Second ground – an invalid certificate

  1. Amongst the documents sent to the IAA by the Secretary of the Department of Immigration (Secretary) was a document entitled “Notification regarding the disclosure of certain information covered by section 473GB of the Migration Act 1958” (certificate). The document was signed by a delegate of the Minister who notified, in the document, that s.473GB of the Act applied to “a document or information in [a] document” and that it should not be disclosed to the applicant because to do so would be contrary to the public interest. Disclosure was said to be contrary to the public interest because it was a “Departmental working document”.

  2. The certificate was not validly issued under s.473GB: MZAFZ v Minister for Immigration & Border Protection (2016) 243 FCR 1 at [37], [38]; [2016] FCA 1081 (MZAFZ). The question is what, if any, consequence arose from the invalidity of the document.

  3. The applicant argued that the IAA took the certificate into account and that that was sufficient to give rise to jurisdictional error. There were two bases for that argument: first, that the reasoning in MZAFZ applied to the IAA; and secondly, that the decision in Graham v Minister for Immigration & Border Protection (2017) 91 ALJR 890; [2017] HCA 33 (Graham) applied because the IAA misapprehended the scope of its power when it took into consideration the invalid certificate.

  4. The Minister argued that the reasoning in MZAFZ did not apply to the statutory context in which the IAA operated. Secondly, he argued that the IAA did not “act on” the certificate. Thirdly, he argued that, even if it did “act on” the certificate, there was no breach of any provision of pt.7AA of the Act: the applicant’s argument did not grapple with s.473DA(2) of the Act which provides that nothing in pt.7AA requires the IAA to give to a referred applicant any material that was before the Minister when his decision was made.
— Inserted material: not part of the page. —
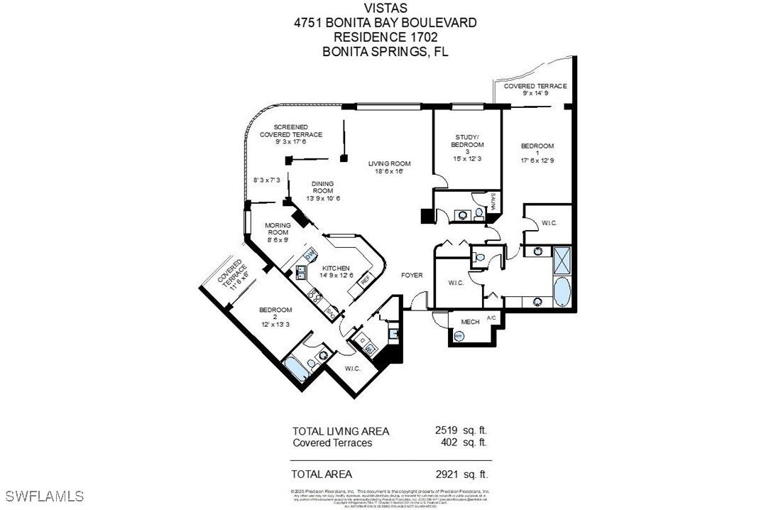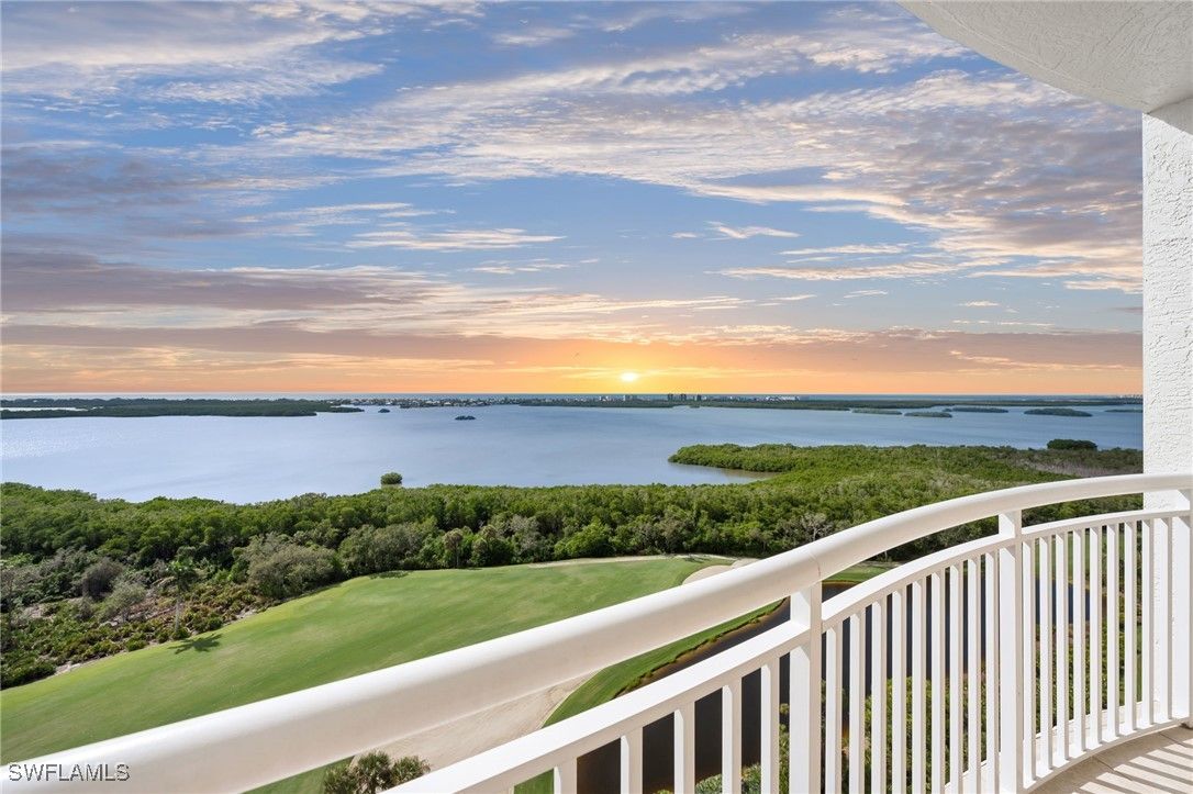 This fabulous spacious split floorplan, 17th floor residence, with upgrades, embodies the casual yet sophisticated lifestyle of SW Florida. Floor-to-ceiling sliding glass doors opening onto three west and south facing terraces provide spectacular views of Gulf of Mexico, Golf Courses and Estero Bay from every room! Watch the dolphins play in Estero Bay and enjoy fabulous sunsets over the Gulf of Mexico. Finishes include 18 inch tiles on the diagonal, crown molding, wood cabinetry with slide out shelving, granite counters. Aspiring chefs will love the spacious, centrally located kitchen with adjacent sun filled breakfast room. There are storm shutters on the screened terrace, and an infrared sauna in bathroom three. This residence comes with two parking spaces and separate storage area. Vistas offers 2 guest suites, updated communal areas with social and card rooms and fitness center. Vistas also has a spacious pool and spa with bar and grill area. Bonita Bay has 5 golf courses, 15 court tennis center 18,000 s.f. fitness center 8,000 s.f. Lifestyle spa & salon, full-service marina, Gulf front beach park, 6 restaurants, 15 pickle ball courts, croquet, bocce ball, canoeing, life enrichment center, 3 parks & more.

Fourthly, the Minister argued that Graham was distinguishable because there was nothing in the IAA’s reasons to indicate that the IAA treated the certificate as valid.

  5. After the hearing in this matter, the Full Court of the Federal Court handed down its decision in Minister for Immigration & Border Protection v BBS16 [2017] FCAFC 176 (BBS16). The Court there found that the reasoning in MZAFZ did not apply to the IAA. First, it held that the certificate was part of the “review material” before the IAA: [91]. Secondly, it held that the certificate and related information were not “new information” for the purposes of sub-div.C of div.3 of pt.7AA: [92]-[95]. Thirdly, if the IAA is given a certificate, it will have to determine for itself whether it will have regard to any of the material covered by it. One of the matters it must determine for this purpose is whether the certificate is valid or not. If the IAA considers that it is valid, it must determine whether it is appropriate to disclose any matter in the material to the applicant and, if so, must have regard to any advice from the Secretary in that regard: [96]. However, the scheme of pt.7AA is such that the applicant has no opportunity to be involved in any of these decisions: [97].

  6. The parties each filed supplementary submissions that, among other things, dealt with the application of BBS16 to the facts of this case.  

  7. The Minister argued that in BBS16 the Court held that there was no error per se for the IAA to act upon an invalid certificate and, for that reason, BBS16 was sufficient to dispose of this ground.

  8. The applicant made two alternative arguments: first, as the certificate was part of the “review material” the IAA was bound by s.473DB(1) of the Act to consider it. For that reason, if it failed to consider the certificate, it fell into error. Alternatively, if it did consider the certificate, the applicant conceded that the Court was bound by the ratio decidendi in BBS16 but argued that that did not touch upon the point made by him arising from Graham.

  9. I accept the applicant’s contention that the IAA considered the certificate. That certificate formed part of the material referred to it by the Secretary and the IAA expressly said that it had considered that material. For that reason, the applicant’s first argument made in light of BBS16 may be left to one side.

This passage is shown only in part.